I was just thinking about what Mark Feinsand wrote on Curtis Granderson the other day. Here’s a snip -
Curtis Granderson’s struggles against lefthanders last year have been well-documented, as have his late-season problems with judging fly balls.
Granderson won’t assign blame for either issue to his eyesight, but after being diagnosed with 20/30 vision following his trade to the Yankees this winter, the outfielder is wearing contact lenses for the first time in his career.

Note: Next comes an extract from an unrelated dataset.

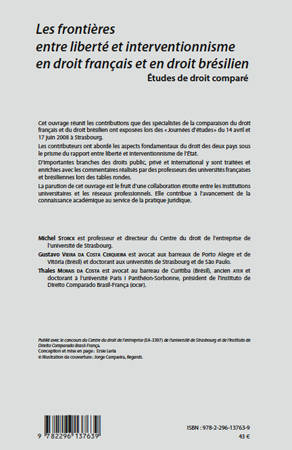 Ces contributions abordent les aspects fondamentaux des droits français et brésilien sous le prisme du rapport entre liberté et interventionnisme de l'Etat. D'importantes branches des droits public, privé et international y sont traitées et ces interventions sont enrichies par des commentaires de professeurs.
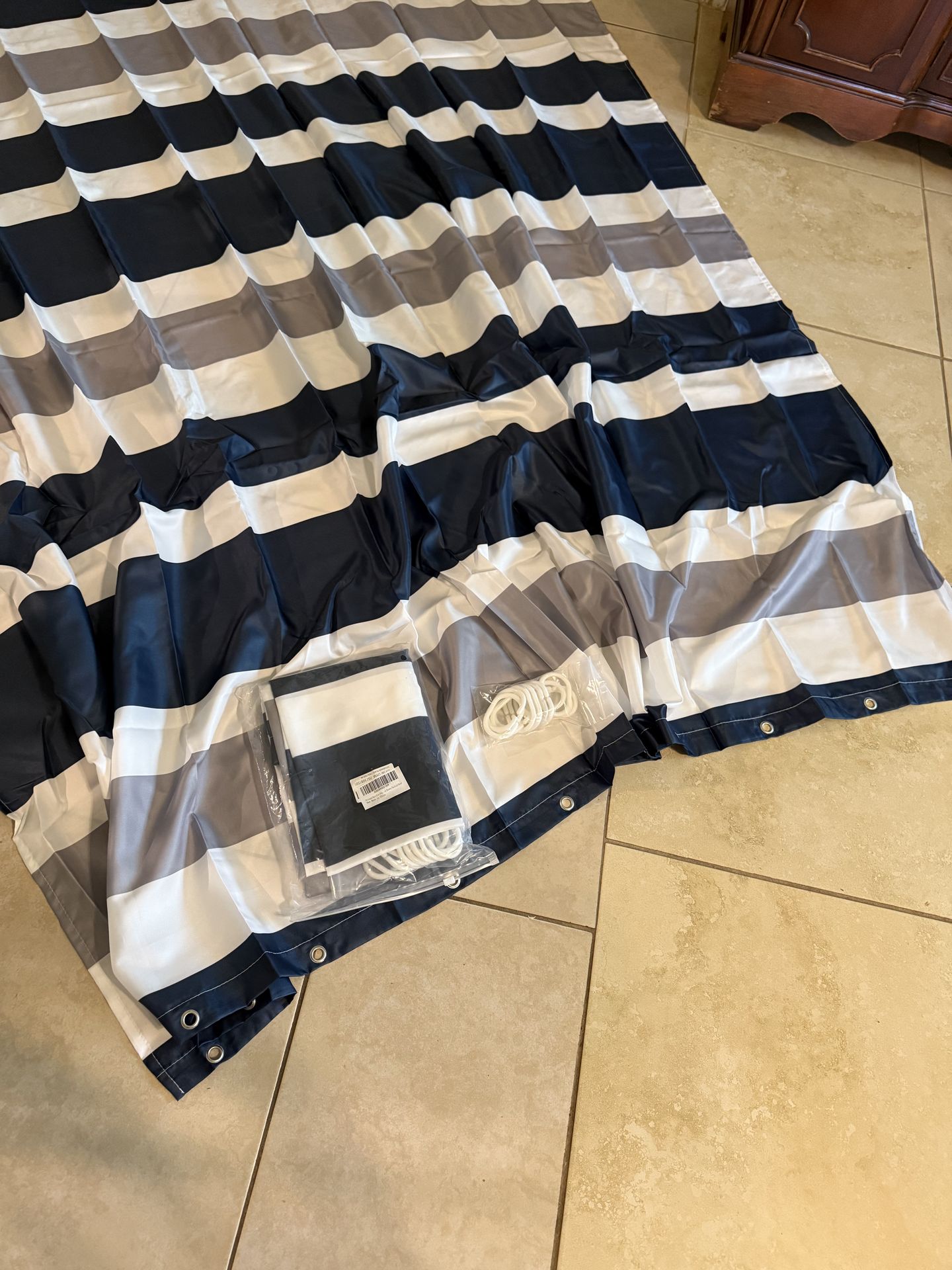 Beautiful shower curtains blue silver and white. Machines washable.

“They said, ‘Your vision is 20/30, so let’s see if we can improve it,’” Granderson told the Daily News. “For most people, they’d let it go, but since we can possibly make me see better to hit, who knows. We’ll see.”
Granderson began wearing the lenses this winter, although he said it was hard to tell whether they would help his game yet.
“I’ve been wearing them for a while, just seeing what could possibly happen with that whole thing,” Granderson said. “I’ll just kind of get used to them, see what’s going on. Worst-case scenario, I’ll just take them off.”
The whole eyesight thing got me thinking about former Yankee Bill Sudakis. I always remember that his baseball card said that he was “legally blind.” You don’t see that, everyday, on a ball player. And, I’ll always remember how Sparky Lyle, in the Bronx Zoo, wrote that then Yankees manager Bill Virdon would try and flex his arm muscles when addressing the team. And, every time Virdon would do it, Bill Sudakis, who had tremendous arms, would stand in the corner, behind Virdon, doing it too – cracking up the whole team. For those not aware of “Suds,” here some more background on him:
Via B-R.com’s Bullpen:
Bill “Suds” Sudakis was a power-hitting third baseman whom the Dodgers tried at catcher in 1970-1971. He had broken in as a 22-year-old rookie in 1968 who led the team with a .471 slugging percentage in 87 at-bats. The next year, 1969, his 14 home runs were second-best on the team, as were his 14 home runs in 269 at-bats in 1970.
Dogged by bad knees, he was finally waived by the Dodgers during Spring Training of 1972. He was selected off waivers by the New York Mets but appeared in only 18 games for the Mets.
With the introduction of the designated hitter in the American League in 1973, the Texas Rangers coveted Sudakis as their DH and acquired him from the Mets. Suds responded with his best season at .255 and 15 HRs in only 82 games. Even though freed from defensive chores, Sudakis’ aching knees kept him off the field and held his numbers down.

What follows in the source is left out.